Con Fusaro, el lector descubre que el ser del universo entero, pero particularmente el ser social, el mundo civil, se compone de un arcoiris infinito en degrade. No solamente hay objetos que van del blanco al negro, pasando por una multiplicidad de grises. Hay, por ejemplo, Izquierdas que van desde el “roji-pardo” -que debe ser el color predilecto de tipos como el Stalin de Cúcuta o el Capone del Furrial- al naranja de Mujica y al rosa vieja de Falcón y Fermin, pasando por el magenta de Zambrano, hasta llegar al verde fosforescente de Fernández. Goethe quedaría impactado. Claro que Fusaro sigue la ruta hacia el rojo intenso, pero no hacia el “rojo-rojito” -de tono más mediocre- sino hacia el rojo de hoz y martillo en mano, mientras se lamenta -Aimè!- de las tonalidades de rojo desteñido, como el del “orgullo gay y el de los derechos civiles del consumidor individual”, más apreciados, en su opinión, por “el señor cosmopolita”. El de él, quizá sin detenerse a pensar demasiado en ello, es un rojo bolchevique, tan opuesto al azul del macartismo como el azul del macartismo se opone al rojo bolchevique. Mismo furor, misma vehemencia, mismo fanatismo maniqueísta. Una vez más, los extremos se tocan. Y es que ese parece ser el signo de los tiempos. La reaparición de lo uno es la reaparición del otro. Paradójicamente, y a pesar de la infinita gradación de los colores del arcoiris del ser, el viejo Zenón de Elea diría que la flecha está de un lado y el blanco del otro, y que Aquíles nunca alcanzará a la tortuga.

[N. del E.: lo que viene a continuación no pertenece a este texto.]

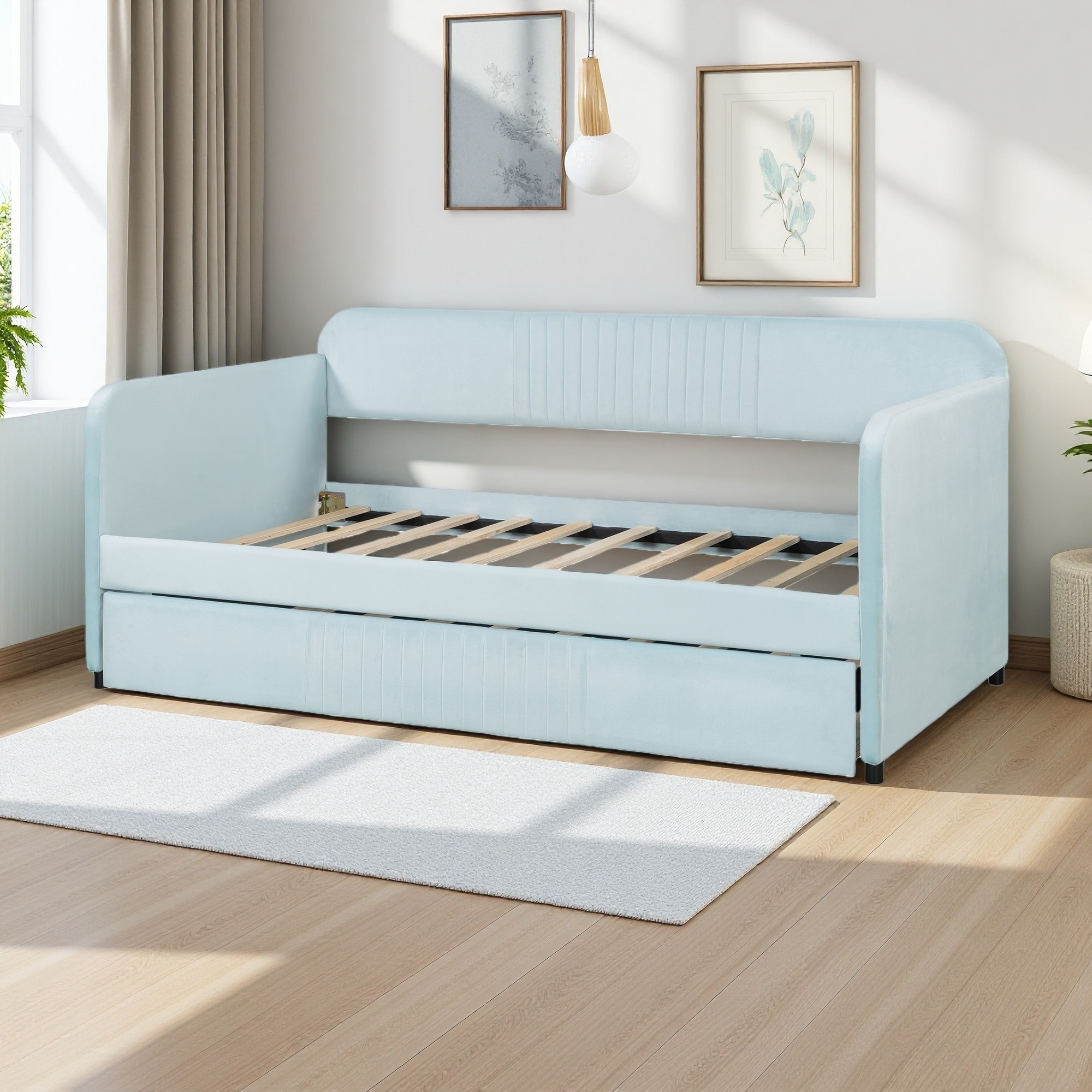 Twin Size Upholstered Velvet Daybed Sofa with Pull-Out Trundle, Wooden Slats, Space-Saving Design with Backrest and Armrests
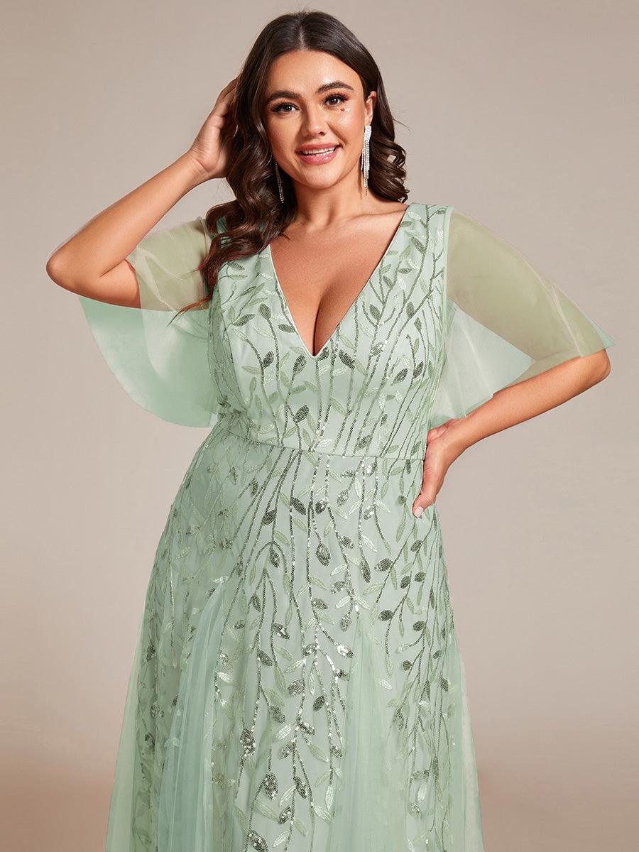 Cette robe de soirée présente un double décolleté en V profond et des manches à volants. Le motif de feuilles chatoyantes donne une ambiance romantique. Elle est parfaite pour les mariages, la soirée, le cocktail, le bal, le gala, le baptême,la rentrée à l'école, la remise des dipl?mes et toute autre affaire formelle!
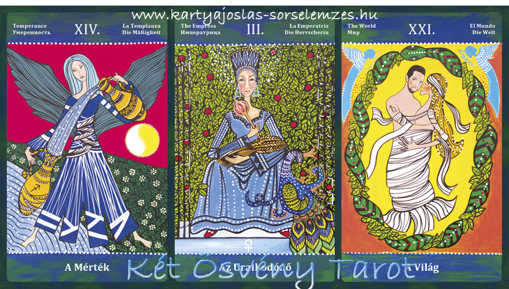 Lapjaink: a Mérték (XIV), az Uralkodónő (III), a Világ (XXI)
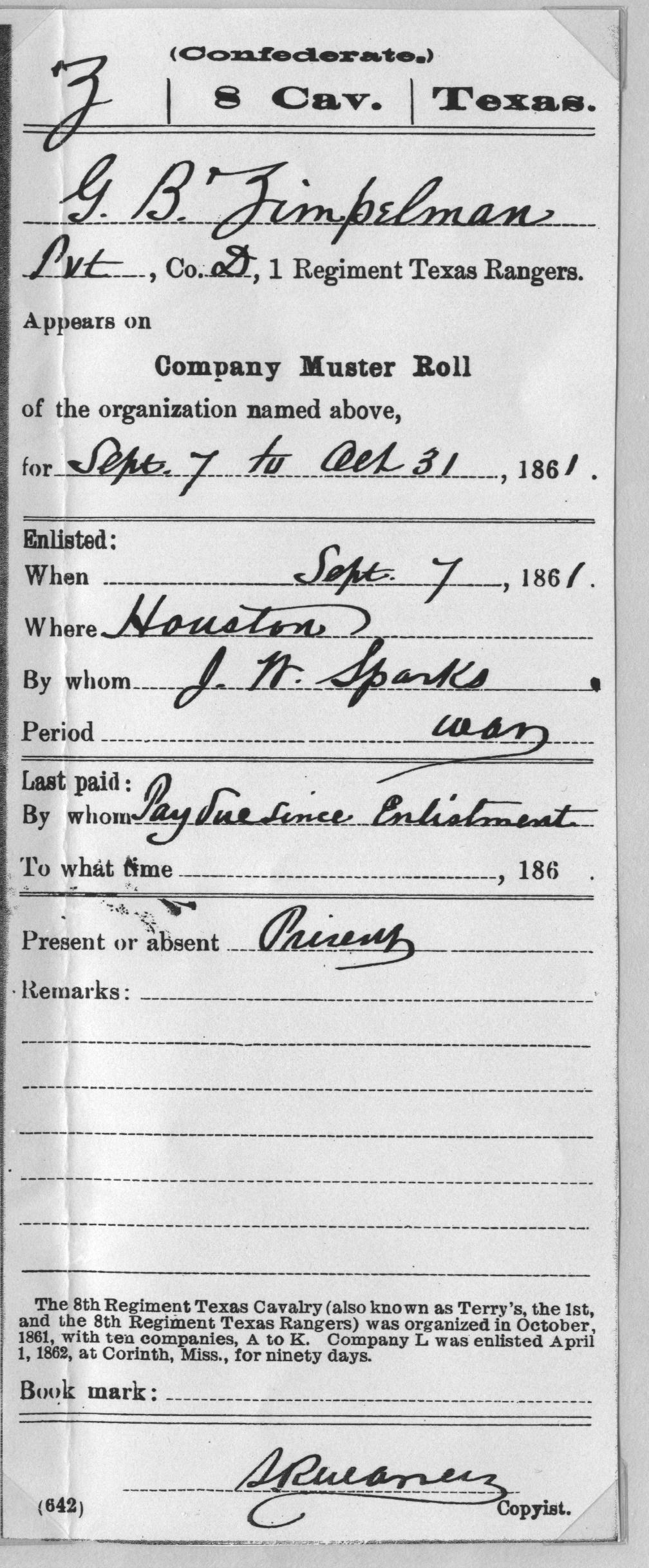 This page contains the documents received from the National Archives, relative to George B. Zimpelman's service in the Civil War. Additional links are at the bottom of the page. To see a transcription of a card, click on the highlighted card number.
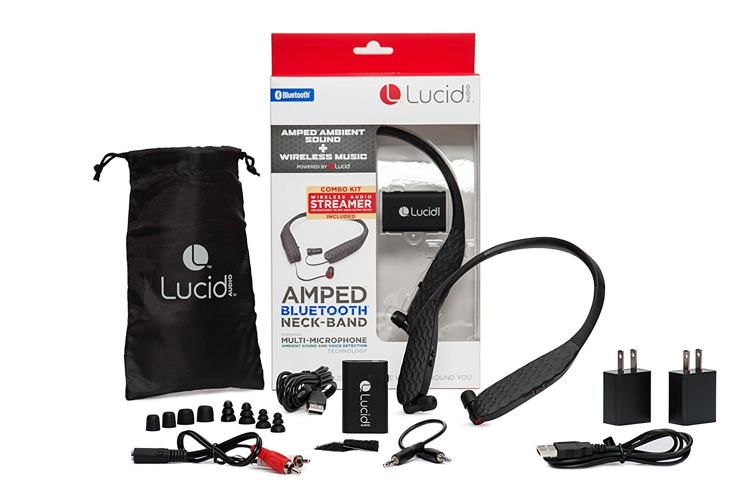 Oreillettes tour de cou Bluetooth rechargeables avec Plug émetteur Bluetooth - Lucid Audio
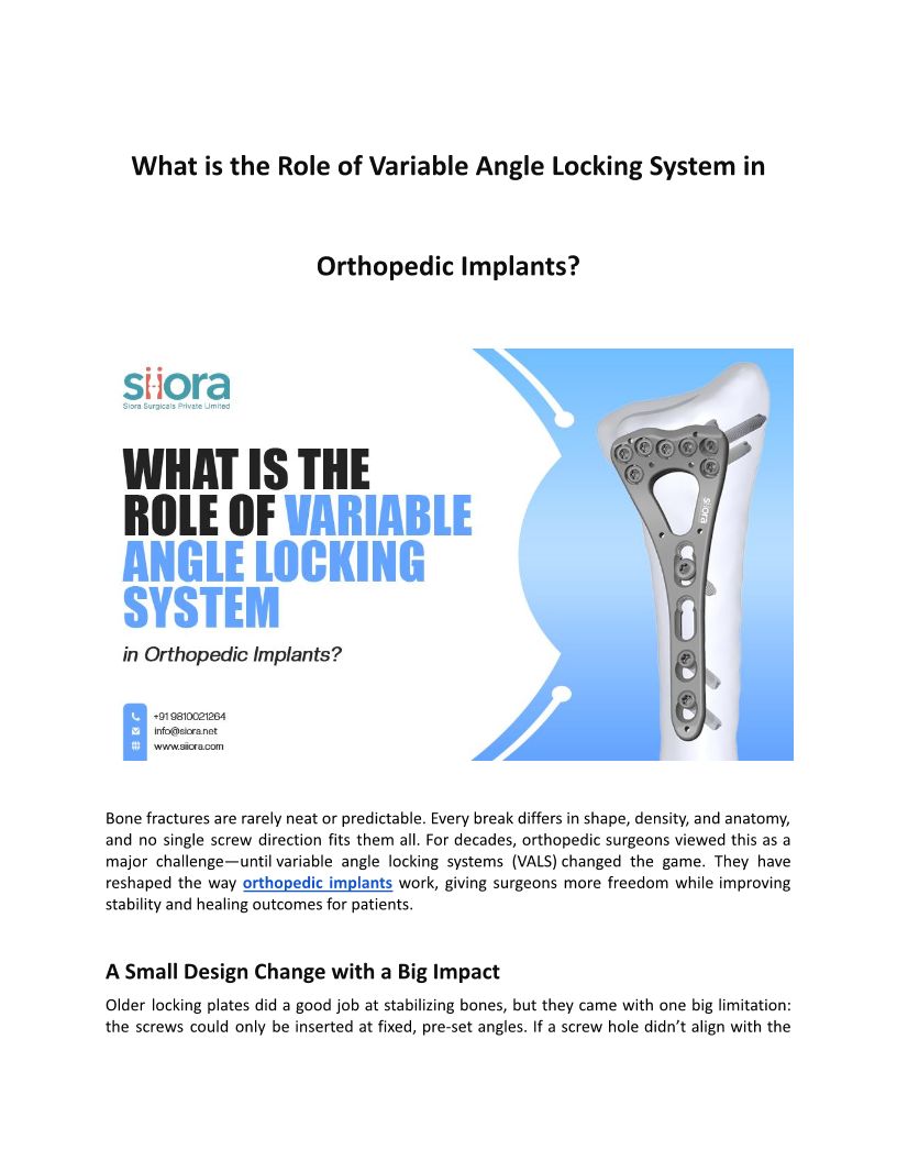 What is the Role of Variable Angle Locking System in Orthopedic Implants
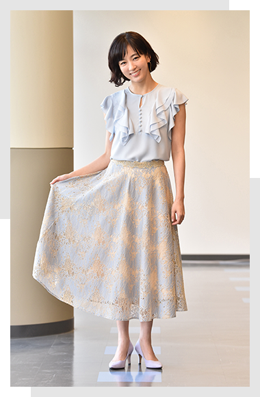 30代の夏美は仕事では後輩を指導する立場で、強めの印象があるので、私服は女性らしく優しい雰囲気を大切にした、カッチリしすぎないコーデが基本です。
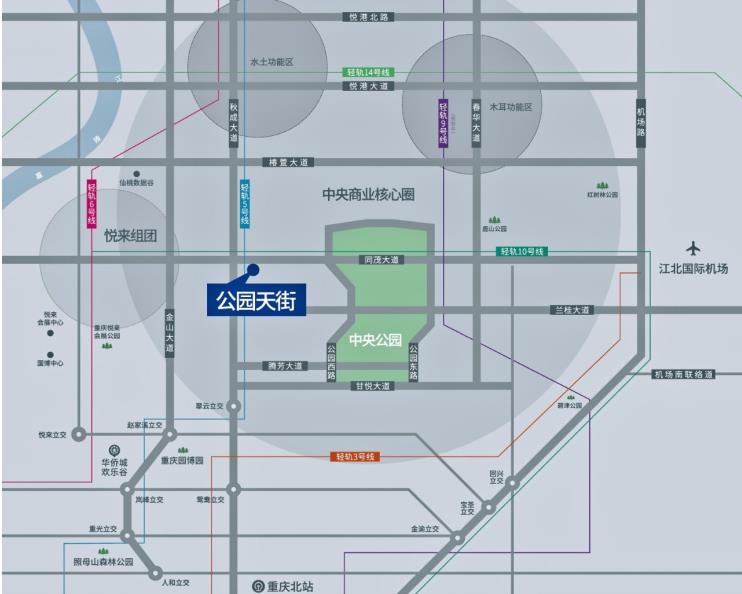 ▲龙湖重庆公园天街周边交通结构示意图
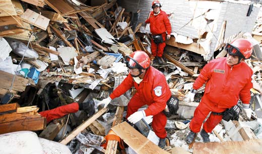 赴日的台灣救援隊十七日在岩手縣的大船渡市協助救災與尋找生還者。

No hay ni una buena Derecha ni una mala Izquierda, como tampoco hay una mala Derecha y una buena Izquierda. En este punto, lo bueno y lo malo se transforman en etiquetas, tanto como lo son la Derecha e Izquierda. Y, por supuesto, al entendimiento abstracto le fascinan las etiquetas. El macartismo es, en realidad, el peor bolchevismo, tanto como el bolchevismo es el peor macartismo. Por eso mismo, Fusaro tiene razón en una cosa: él es un 'roji-pardo', porque su comunismo es tan fascista como su fascismo es comunista, si por fascismo y comunismo se entienden dos etiquetas. Su populismo, en el fondo, es idéntico al que reclama la peor propaganda de los enemigos de la politeia -los idiotas, en el sentido estricto del término-, aquellos que desprecian todo lo concerniente a los asuntos del Estado. El resto -arcoiris incluido- son payasadas de quienes pretenden justificar lo injustificable.
Confundir la contradicción con la correlatividad tiene sus consecuencias políticas. La sociedad no está hecha de silogismos sino de historia y nada más que historia. Y la historia es un proceso reconstructivo de si misma que crece y concrece. Para poder comprenderla, no se parte de una “premisa mayor”, sino de los latidos del corazón del viejo topo shakespeariano que, ciego como es, sin saberlo, va labrando el presente mientras constuye el porvenir.